Open woodland of boabs over ribbon grass

Some Acacia -dominated woodlands provide the exception to the rule of eucalypt predominance in northern Australia. Notable examples were the extensive areas of brigalow open forest ( Acaciaharpophylla ) on clay soils in eastern Queensland, large areas of which have been cleared and sown with pasture grasses such as buffel ( Cenchrus ciliaris ) and Rhodes ( Chloris gayana ); lancewood (A. shirleyi ) on lateritic soils of the\ Sturt Plateau in the Northern Territory, and pindan ( A. eriopoda and A. tumida ) on sandy soils in the Dampierland region of Western Australia. Woodlands and open woodlands dominated by gidgee ( A. cambagei and A. georginae ) also occupy substantial areas of fine-textured soils in central and western Queensland.
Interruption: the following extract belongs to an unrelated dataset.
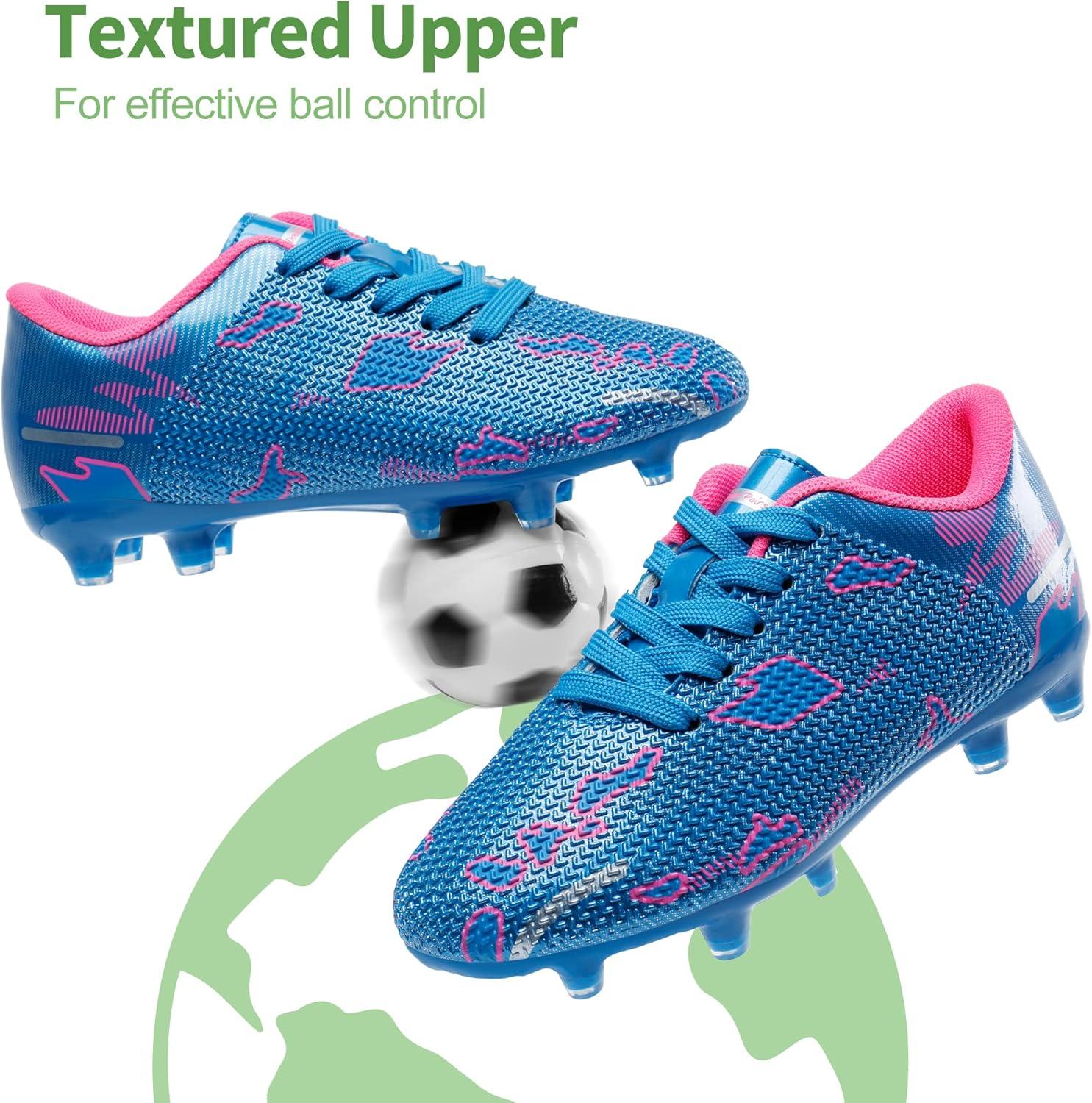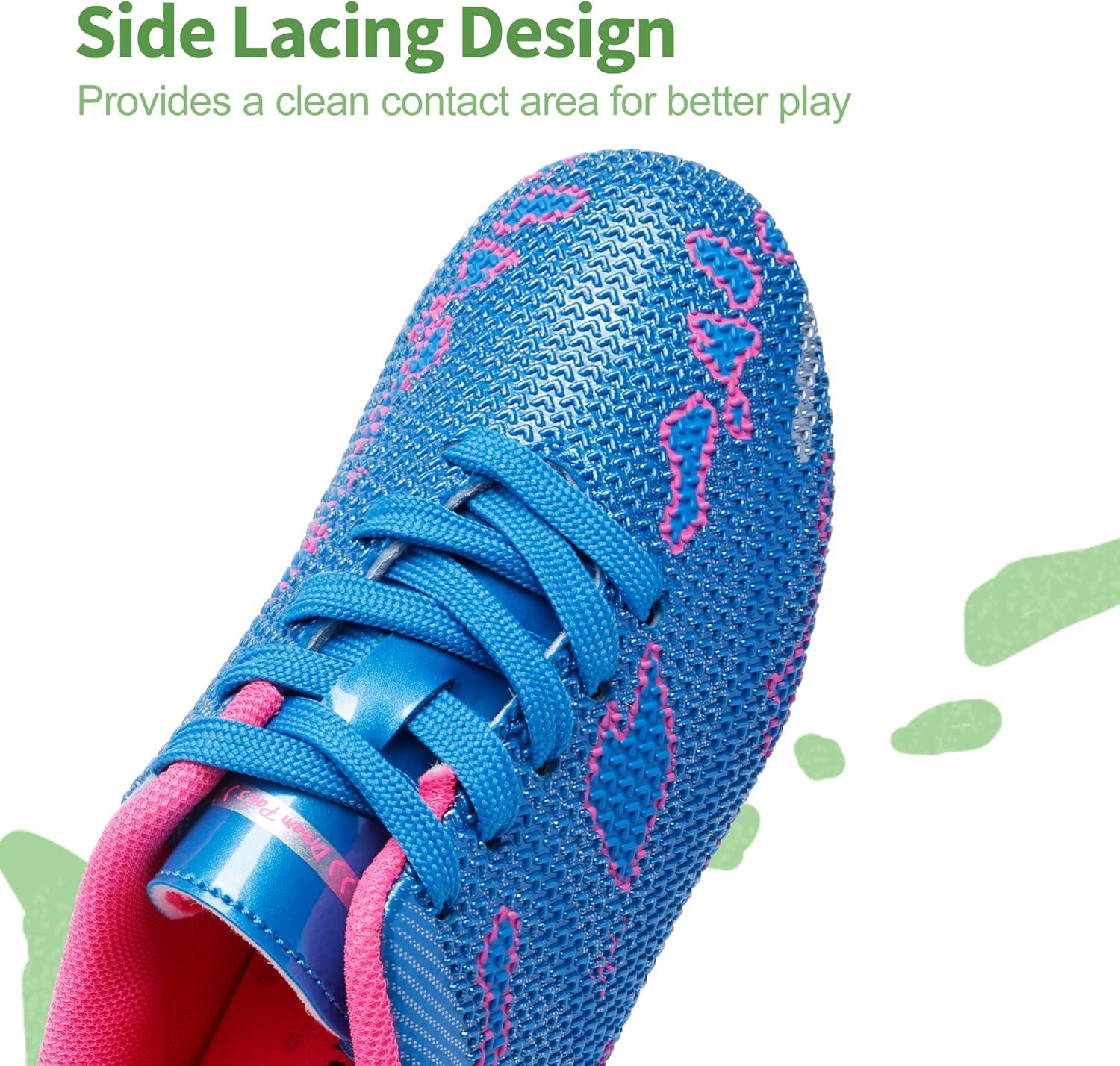 DREAM PAIRS Boys Girls Soccer Cleats Kids Football Shoes for Little/Big Kid(Blue/Hot Pink)

The grassy understoreys also vary with rainfall and soil. Annual sorghums (also often called ‘speargrass’ ) are common beneath the eucalypt woodlands and open forests of the wetter areas of the western Top End of the Northern Territory and parts of the Kimberley. In eastern Arnhem Land and Cape York, in contrast, annual Sorghum intrans is uncommon, and perennial Sorghum (S. plumosum), firegrass (Schizachyrium fragile) and other tall grasses predominate.

In the semi-arid savannas, perennial grasses predominate, with common species being ribbongrass, white grass, kangaroo grass and black speargrass. Black speargrass communities occur on free-draining duplex soils (sand over clay), and cover a huge area of eastern Queensland. As rainfall declines westward in north Queensland, Aristida , Bothriochloa and Chrysopogon spp. begin to dominate. In the driest savannas of northern Australia, where soils are skeletal, the grass layer is dominated by ‘spinifex’, under either open eucalypt woodland or mulga (Acacia aneura). Unlike other perennial grasses, which have a tussock growth form, spinifex has a hummock growth form.